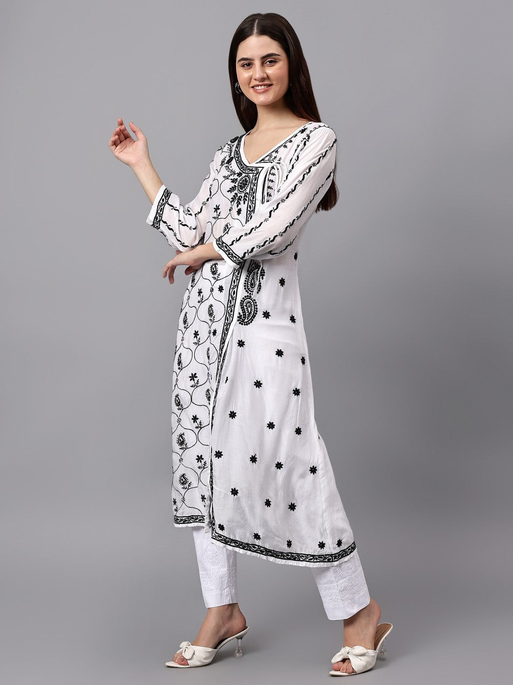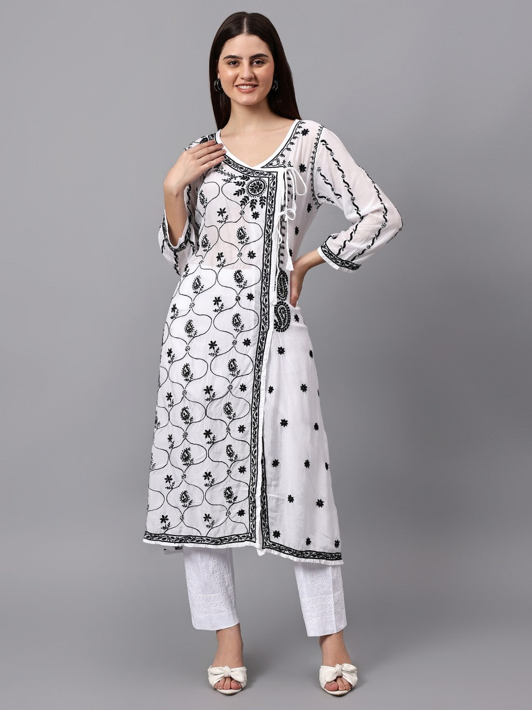 Librose Lucknowi Chikankari Premium Muslin Angrakha Kurta for women, Girls and ladies
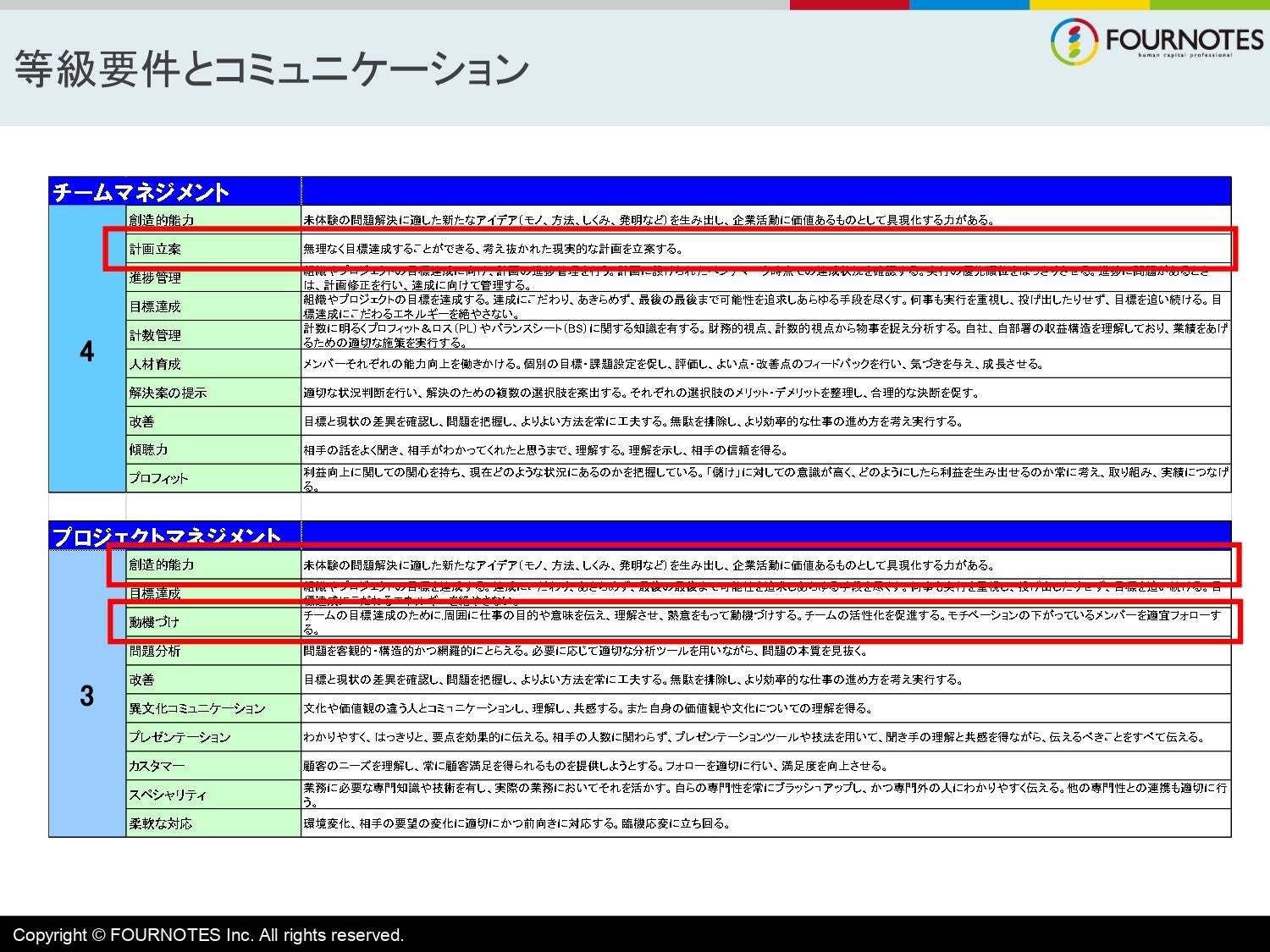 これは『人事の超プロが明かす評価基準』(三笠書房)で紹介した、4等級や3等級はこれだけのコンピテンシーが必要だよね、というものの抜粋です。
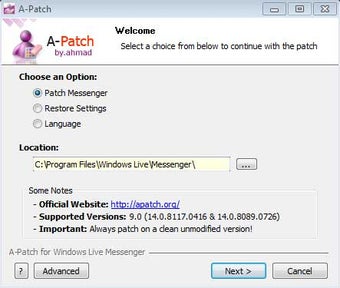 IMPORTANTE: a Microsoft decidiu desativar o MSN e substituí-lo pelo Skype. Seus contatos no Messenger serão transferidos automaticamente para o Skype após atualização. Saiba mais lendo o guia Tudo sobre a migração do MSN para o Skype.O A-Patch é um aplicativo que permite modificar o Windows Live Messenger que você tem instalado no computador de forma simples. Esta versão do A-Patch funciona com algumas versões do Windows Live Messenger 2009.
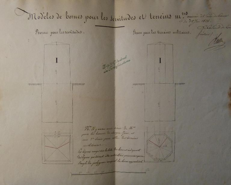 Ce changement, du reste, ne devra pas dispenser d'entrer en conférence avec le service des Ponts et Chaussées à l'effet de faire décider en Commission mixte des Travaux Publics qu'on pourra entourer le bâtiment du phare d'un mur qui en sera distant de 3m00 et aura 2m00 au plus de hauteur avec un fossé de quatre mètres de profondeur au moins sur 4m00 de largeur au fond.
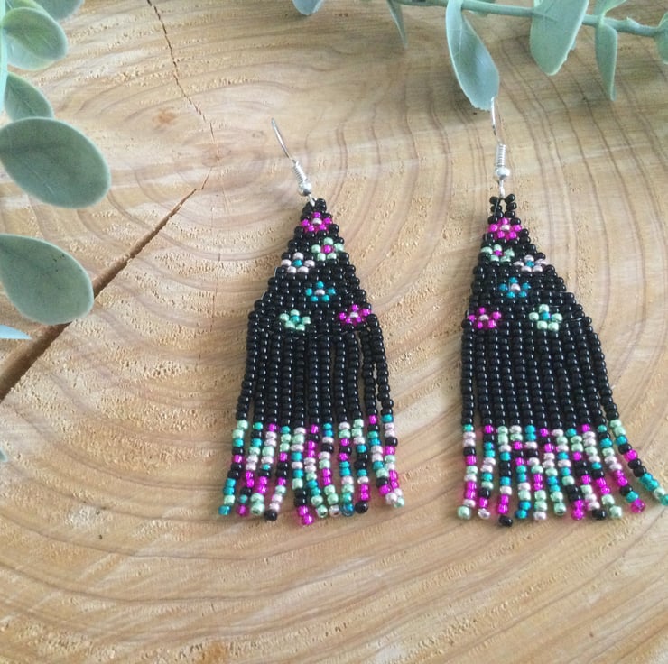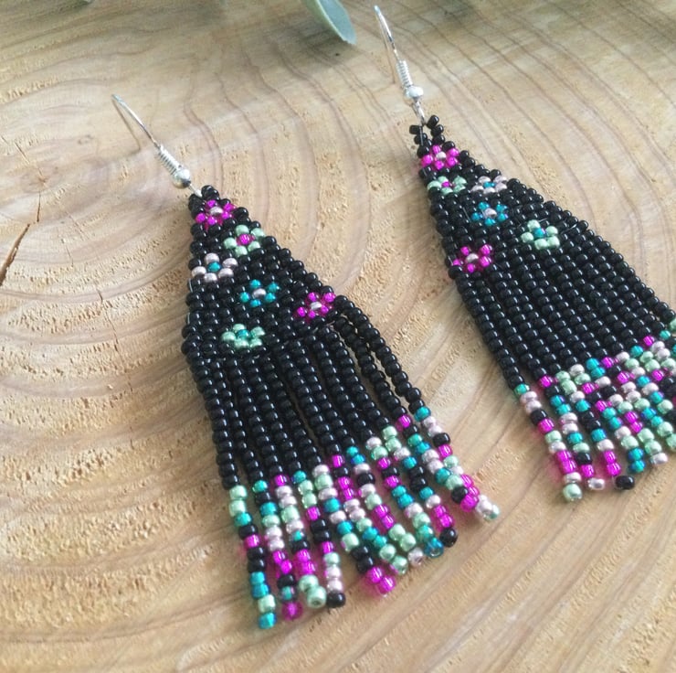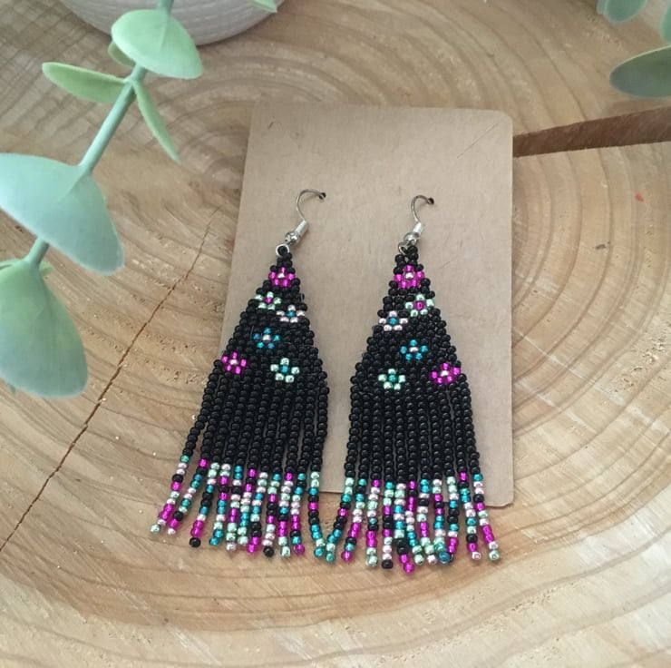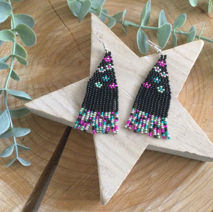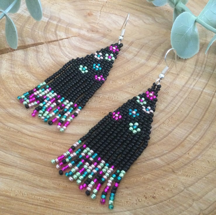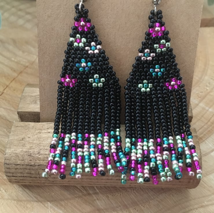 Created using tiny glass Miyuki seed beads the coloured flowers really pop on a black background. The same coloured beads have been used in the fringe.

....................

▸ REQUIRED WORK
Look back at the data above, then output exactly the lines from the line holding "これは『人事の超プロが明かす" up to and including the line holding "Ce changement, du". Leave out the pictures.

▸ SOLUTION TO THE EXERCISE
 これは『人事の超プロが明かす評価基準』(三笠書房)で紹介した、4等級や3等級はこれだけのコンピテンシーが必要だよね、というものの抜粋です。
 IMPORTANTE: a Microsoft decidiu desativar o MSN e substituí-lo pelo Skype. Seus contatos no Messenger serão transferidos automaticamente para o Skype após atualização. Saiba mais lendo o guia Tudo sobre a migração do MSN para o Skype.O A-Patch é um aplicativo que permite modificar o Windows Live Messenger que você tem instalado no computador de forma simples. Esta versão do A-Patch funciona com algumas versões do Windows Live Messenger 2009.
 Ce changement, du reste, ne devra pas dispenser d'entrer en conférence avec le service des Ponts et Chaussées à l'effet de faire décider en Commission mixte des Travaux Publics qu'on pourra entourer le bâtiment du phare d'un mur qui en sera distant de 3m00 et aura 2m00 au plus de hauteur avec un fossé de quatre mètres de profondeur au moins sur 4m00 de largeur au fond.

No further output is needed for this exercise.